The 429 response body includes a message like "Rate limit reached for requests" (RPM) or "Rate limit reached for tokens" (TPM). You can also inspect the x-ratelimit-remaining-requests and x-ratelimit-remaining-tokens headers on any response to see which is closer to exhaustion.
My application is small but I keep hitting rate limits. Why?

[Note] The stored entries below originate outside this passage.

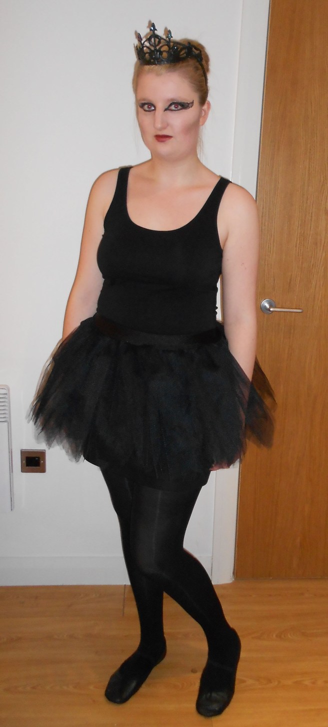 • Black tutu. Mine was a tutu skirt which I got off ebay, and there are plenty about. I coupled mine with a black vest, but if you can spare the expense you could get your hands on a full tutu dress (which is more accurate). You could also go to town on decorating your top with embellishments, as the dress in the film is adorned with feathers.
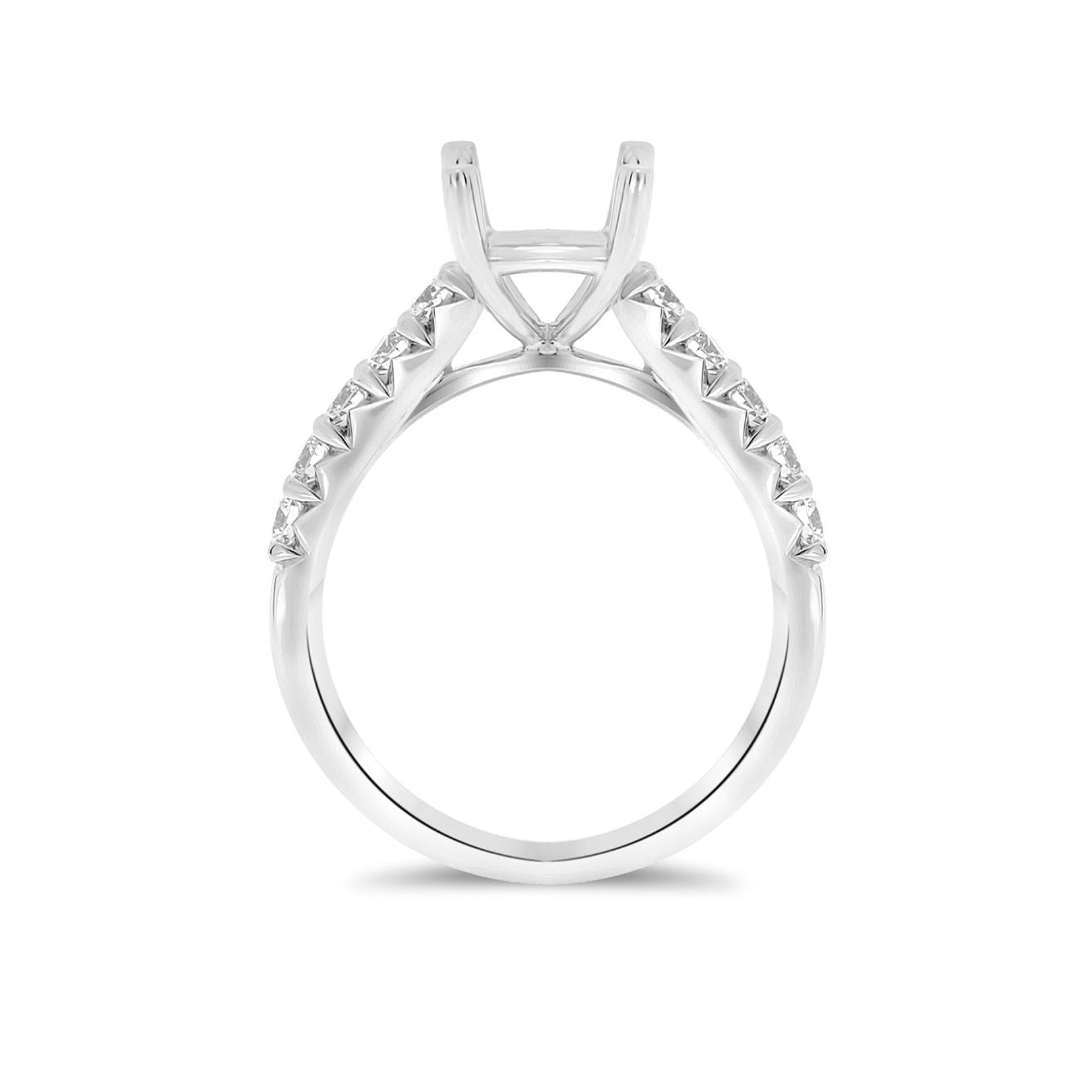 This semi-mount ring is crafted in 14K white gold with a four-prong cathedral setting designed to hold a 2.00 carat oval center. The band is accented with 10 round diamonds, totaling 0.49 carats, in shared prong settings. The accent diamonds are graded GH color and SI clarity. Center sold separately. Available by special order in other metals, shapes, and sizes.
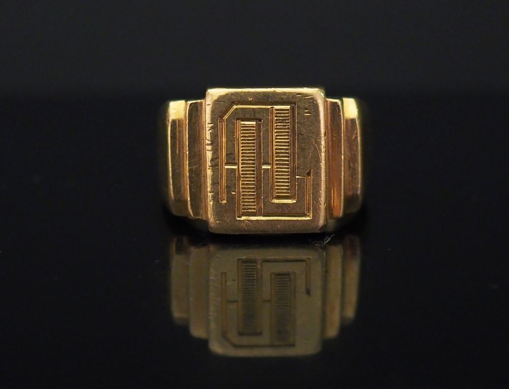 Bague chevalière de femme de style Art déco en or jaune, à décor de monogramme. TDD. 52 Poids. 12,52 g (à charge de contrôle)
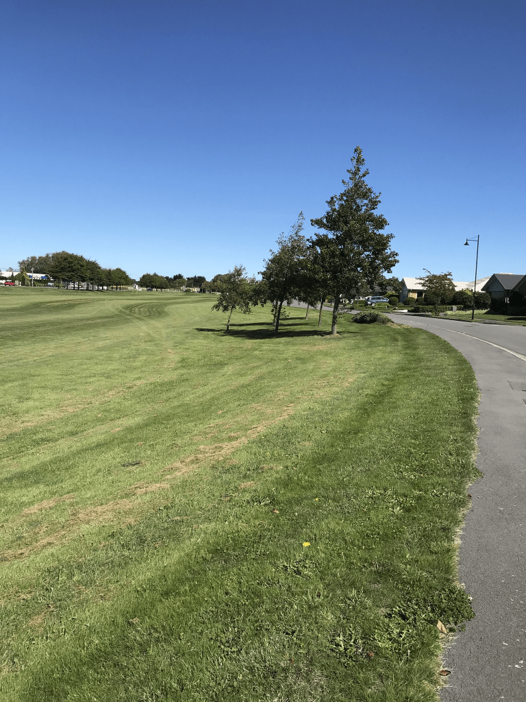 The houses here were built between 2013 and 2015 and none stood out for me. Mostly immaculate lawns with shrubs. On the long side of the crescent the houses were only on one side of the street. There is a wide green space between this street and Halswell Rd but suspect that you would still get noise from Halswell Rd. I was looking for somewhere to hide a geocache but no luck with that.
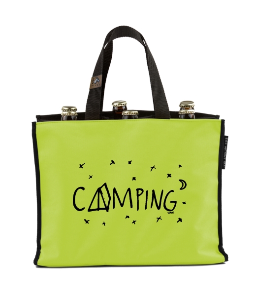 BEER CARRIER - bag for beer with design 1112 CAMPING in color GREEN LIMET

Common cause: large context windows. If your system prompt plus conversation history is 20K tokens, and you handle 5 concurrent users each making a request per minute, that is 100K TPM — which exceeds Tier 1 limits for GPT-4o. Audit your actual token counts per request.
Is Azure OpenAI PTU worth it?
PTU makes sense when you have predictable, sustained high throughput and the utilization exceeds about 50–60% of the provisioned capacity. Below that, PAYG is almost always cheaper. PTU pricing is hourly, so idle capacity is wasted. Do the math against your actual p95 TPM before committing.
How do I handle rate limits in background batch jobs?
For batch jobs, add a generous sleep between requests (calculate based on TPM budget / average tokens per request). OpenAI's Batch API is a better alternative — it processes requests asynchronously and returns results within 24 hours at 50% lower cost, with separate (higher) rate limits.
What is the difference between RPM and TPM limits and which should I track?
Track both. RPM limits how many API calls you make per minute regardless of size. TPM limits total tokens processed per minute across all calls. For most production applications, TPM is the binding constraint — a single call with a 50K token context window uses more of your minute budget than 100 small calls combined.
How much jitter should I add to backoff delays?
Add plus or minus 25% of the calculated delay. For a 4-second backoff, that means a random value between 3 and 5 seconds. This spreads retries across a 2-second window instead of having all instances retry at exactly the same moment. Even small amounts of jitter (10–25%) significantly reduce thundering herd effects in high-concurrency systems.
When should I implement a request queue vs simple retry logic?
Use a request queue when you have more than 10 concurrent workers or when you need precise control over TPM consumption. Simple retry logic is sufficient for single-instance applications with low concurrency. A queue with a token bucket allows you to accept requests immediately, hold them until capacity is available, and process them in order without ever hitting a 429.